Song by 9th Creation

from the album Reaching For The Top
- B-side: "Come Back Home"
- Recorded: 1977
- Length: 4:45
- Label: Prelude 71085
- Songwriter(s): B. Scott, P. Medley

= Why Not Today =

Why Not Today was a hit for R&B, funk band, 9th Creation in 1977. It made it into both the Billboard and Record World charts.

==Background==
In March 1977, "Why Not Today" by 9th Creation was released on Prelude 71085. Produced by Buddy Scott, the single was 4:45 long. Phil Medley both arranged and conducted the music. It appears on their Reaching for the Top album that was released on Prelude PRL 12146 in October that year.
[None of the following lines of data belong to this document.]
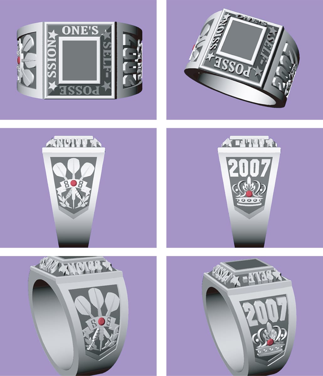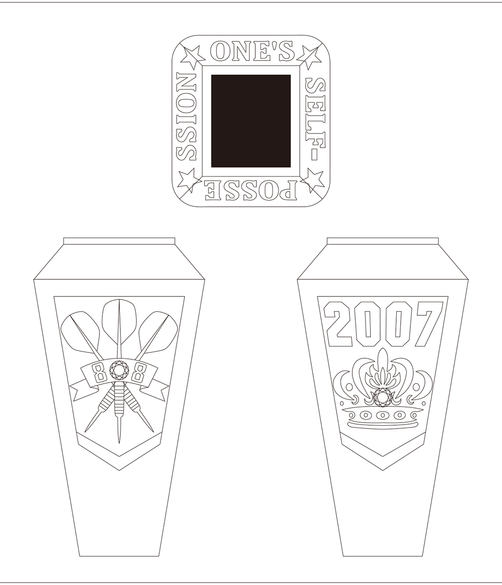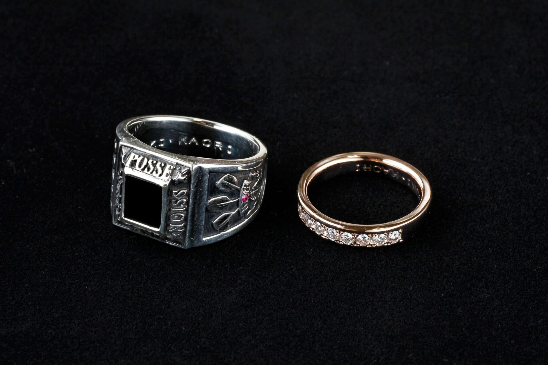 御新郎はダーツ競技のプロフェッショナルでチャンピオン。座右の銘<POSSESION>をチャンピオンリングスタイルのオニキスの周囲に浮き彫りに、サイドパネルには三本のダーツの矢をあしらって。ご新婦様はピンクゴールドのエタニティータイプでエレガントに
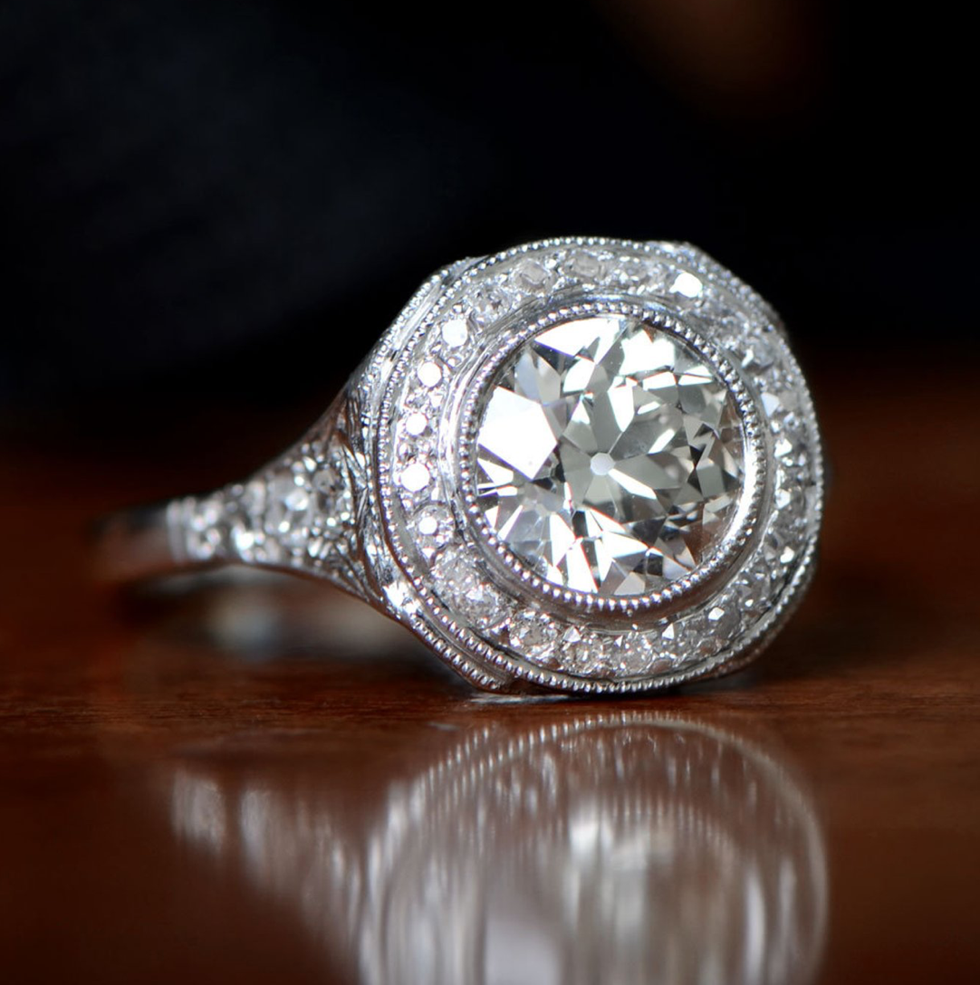 Rare Art Deco Diamond Halo Engagement Ring – 1.55 Carat – Handcrafted Platinum with Engravings – Circa 1920
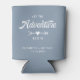 Donnez un toast mariage et un cadeau souvenir amusant à vos invités mariages avec cette coutume bleu poussiéreux peut refroidir avec "Let The Adventure Begin" écrit dans un mélange de typographie blanche simple et un script blanc rétro, un coeur avec une flèche, et vos noms et date mariage.
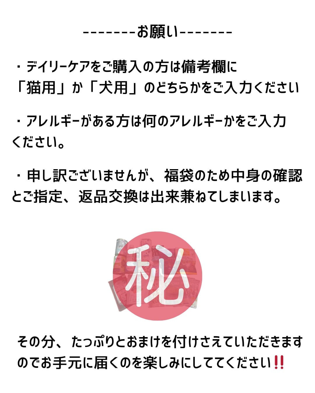 ・デイリーケアをご購入の方は備考欄に「猫用」か「犬用」のどちらかをご入力ください
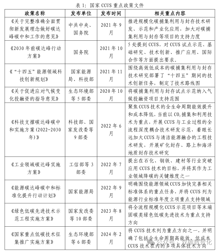 2020年9月碳達峰碳中和目標提出后,國家各部委和地方政府先后出臺相關政策文件,對CCUS 技術研發(fā)、標準和融資等方面作出積極部署,逐步推動 CCUS 技術的研發(fā)和規(guī)模化應用。截至目前,我國已發(fā)布的CCUS 相關政策文件涵蓋發(fā)展規(guī)劃、技術標準、試驗示范、技術目錄等方面,CCUS 政策體系初具雛形。重點政策如下:

Along with "We're Still Together" by Peaches & Herb and the Phyllis Hyman album by Phyllis Hyman, it was a Record World R&B Pick for March 26. Mentioned in the short review was the explosive rhythm and harmony with a potential to race up the chart.

==Airplay and chart history==
The June 4th issue of Cash Box showed the single was getting airplay on Don Brooks' show at WWIN in Baltimore and E. Rodney Jones' show at WVON in Chicago, but there was no register in the magazine's Box Top 100 R&B Chart.
Eventually the record made it to the Billboard Soul chart. It entered the Hot Soul Singles Chart on June 4 at #98, holding the position for two weeks. It also made the Record World R&B Singles chart, entering at #67 on June 4. By June 18, on its third week, it was at #63.